In the islamic marrage contract, the waley (the representative of the bride) like the father, most of the time, who handels the marage process for her will have to recite the marital statment which states exactly:
Zawagtoka ebnatee (Name) al balegh, al 3akel, al 3azra'a 3ala sonnat alla wa rasoleh PBOH
translation:
I marry you to my daughter (name) the grown up (had her menarch), the sane (not insane) and the virgine (or if she has been married before then he says the non virgin) as instructed by god and prophit mohamed PBOH.

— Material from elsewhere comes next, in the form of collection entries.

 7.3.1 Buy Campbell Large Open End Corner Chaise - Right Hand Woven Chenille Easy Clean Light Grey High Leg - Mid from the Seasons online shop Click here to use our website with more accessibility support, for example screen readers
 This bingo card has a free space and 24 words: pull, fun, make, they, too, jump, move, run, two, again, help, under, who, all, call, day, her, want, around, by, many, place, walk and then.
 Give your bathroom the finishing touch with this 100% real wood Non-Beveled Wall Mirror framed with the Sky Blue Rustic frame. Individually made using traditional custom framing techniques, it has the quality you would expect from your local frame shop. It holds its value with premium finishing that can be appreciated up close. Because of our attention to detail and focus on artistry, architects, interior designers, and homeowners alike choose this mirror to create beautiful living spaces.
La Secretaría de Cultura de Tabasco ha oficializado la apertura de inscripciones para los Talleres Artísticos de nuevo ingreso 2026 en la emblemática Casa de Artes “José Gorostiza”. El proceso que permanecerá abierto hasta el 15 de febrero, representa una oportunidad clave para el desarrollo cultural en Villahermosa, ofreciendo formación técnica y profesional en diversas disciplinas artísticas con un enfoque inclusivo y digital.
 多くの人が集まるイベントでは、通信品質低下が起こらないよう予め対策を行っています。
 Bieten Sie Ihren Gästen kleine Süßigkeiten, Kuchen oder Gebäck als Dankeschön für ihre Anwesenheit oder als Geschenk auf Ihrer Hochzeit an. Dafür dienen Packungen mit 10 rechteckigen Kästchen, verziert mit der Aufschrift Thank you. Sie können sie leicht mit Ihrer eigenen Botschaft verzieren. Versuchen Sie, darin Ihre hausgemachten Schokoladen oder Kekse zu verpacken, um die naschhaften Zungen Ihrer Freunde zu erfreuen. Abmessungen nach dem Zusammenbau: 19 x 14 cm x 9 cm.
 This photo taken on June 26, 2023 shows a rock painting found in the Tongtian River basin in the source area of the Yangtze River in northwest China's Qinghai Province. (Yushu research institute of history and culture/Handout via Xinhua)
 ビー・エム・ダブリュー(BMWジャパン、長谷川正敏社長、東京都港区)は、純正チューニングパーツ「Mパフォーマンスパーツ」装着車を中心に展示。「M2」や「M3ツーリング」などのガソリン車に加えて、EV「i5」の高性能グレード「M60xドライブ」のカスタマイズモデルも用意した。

So the marrage contract will contain a statement that she is virgine verbally and written. any contradiction beween any of the mentioned lines (like she is not his daughter, she adopted, or she is insane, or she hasn't started her menses or her state of virginity is differant from what is stated) then the contract is invalid and the marrage is not true.
So it's a bit tricky though, unless the ma;ezoon avoids in his form mentioning the virginity part. And even then, I have no idea about the effect of that on the validity of the marrage contract.

Snoozin,
Yes they do learn it, there arte many reasons where you have to make abortion to save the mothers life, so they do teach it. and yes, it is simply a D&C but it is a bit more dangerous becuase a pregnant uterus is softer than a non pregnant one, so the incidance of perforation is higher.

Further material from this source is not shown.